Cerpen

Ratih Tanpa Smartphone (Bagian-16): Bah!

person access_time 4 years ago
Ratih Tanpa Smartphone (Bagian-16): Bah!

Ilustrasi: Nurmaya Liwang (kaltimkece.id)

Tiada usaha yang sia-sia. Selalu ada jalan bagi yang berkemauan.
(Ingin membaca cerita bersambung ini dari awal? Ketuk di sini).

Ditulis Oleh: Es Pernyata
Kamis, 17 Oktober 2019

HAJI Acok menyambut baik paparan Ratih tentang peluang bisnis pariwisata di Muara Badak.
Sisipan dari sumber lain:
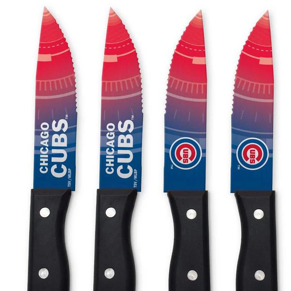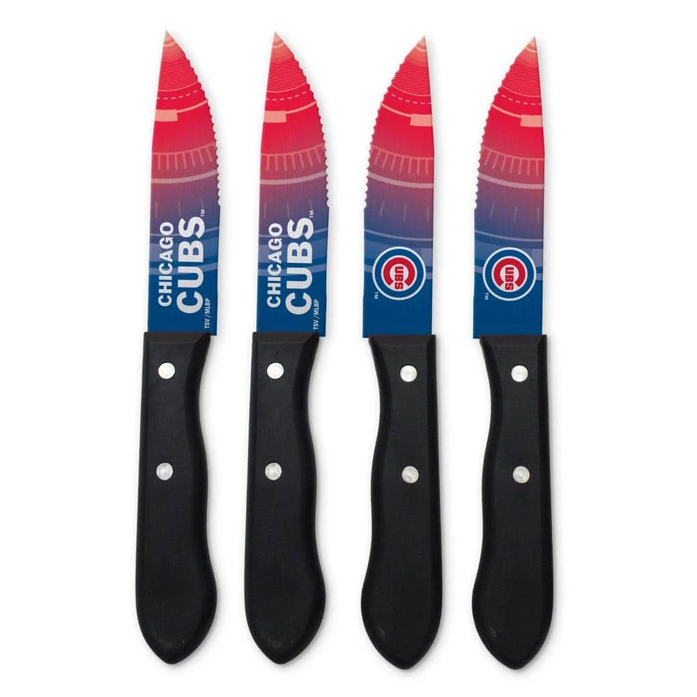 Looking for a new item to take your tailgate to the next level, Add this 4-piece stainless steel, steakhouse quality knife set to your collection of game day utensils. And show your buddies that your fandom is undeniable. Includes 4 steakhouse quality steak knives sure to enrich your favorite cut of meat.

Paparan Ratih menguatkan yang selama ini dilakukannya dan sempat dicibir sebagai bermimpi di siang bolong.

Haji Acok, sejak tiga tahun lalu, membersihkan semak belukar di sebuah tanjung di kecamatan Muara Badak. Tanjung itu adalah daerah tidak berpenghuni karena teluk yang jauh cekung ke dalam. Karena tanjung itu di tepi laut, maka tanjung tersebut menyerupai pulau.

Untuk mencapainya melalui pantai desa Tanjung Limau, Kecamatan Muara Badak, diperlukan waktu sekira 10 menit menggunakan perahu bermotor. Akan lebih baik menggunakan kapal daripada perahu bermotor. Teluk yang memisahkan tanjung terhubung dengan laut dan gelombangnya cukup besar bila laut bergelora.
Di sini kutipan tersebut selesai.